This can create tax advantages compared to traditional passive real estate investments.
Depending on individual circumstances and tax status, active participation may allow investors to utilize losses more effectively.
Every investor should consult a qualified CPA regarding their specific situation, but many Airbnb owners discover opportunities that traditional landlords cannot access.
This is one reason Airbnb remains attractive even when short-term rental markets become more competitive.
Cost Segregation and Wealth Building
One of the reasons Chris has frequently discussed cost segregation throughout the newsletter is because it allows investors to accelerate wealth creation.
Imagine two investors who own identical properties.
One uses traditional depreciation.
The other completes a cost segregation study.
The investor utilizing cost segregation often receives significantly larger tax deductions earlier.
Those tax savings can then be reinvested.
Over time, that difference compounds.
The result may be:
• More properties acquired
• Faster debt reduction
• Greater cash flow
• Higher net worth
This is why many sophisticated real estate investors utilize cost segregation whenever appropriate.
Katie's Airbnb Example
Our daughter Katie recently closed on another Airbnb property.
Her purchase price was approximately $280,000.

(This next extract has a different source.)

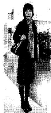
<그림 20> 에스닉(상하이)
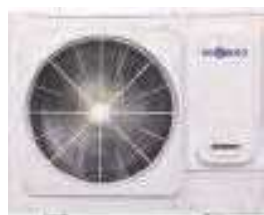
5HP HCNU 1406 XRV

The property is projected to generate approximately $3,000 per month in rental income.
If managed properly, the property has the potential to provide:
• Monthly cash flow
• Principal reduction
• Appreciation
• Tax benefits
• Long-term equity growth
Adding a properly executed cost segregation study could further improve overall returns by increasing depreciation deductions during the early years of ownership.
This illustrates why many real estate investors continue focusing on Airbnb properties despite changes in the market.
The combination of income, appreciation, leverage, and tax benefits remains powerful.
Final Thoughts on Airbnb Investing
The most successful Airbnb investors understand that profitability is created through execution.
They focus on:
• Guest experience
• Reviews
• Dynamic pricing
• Marketing
• Systems
• Tax planning
• Long-term ownership
Airbnb investing is no longer a passive activity.
However, for investors willing to treat it like a business, the rewards can still be substantial.
When combined with intelligent tax strategies such as cost segregation, Airbnb properties can become powerful vehicles for long-term wealth creation.
The investors who understand both operations and tax strategy often achieve the greatest success.
As always, focus on buying quality properties, maintaining adequate reserves, managing risk appropriately, and thinking long term.
The combination of cash flow, appreciation, debt reduction, and tax savings remains one of the most effective wealth-building strategies available today.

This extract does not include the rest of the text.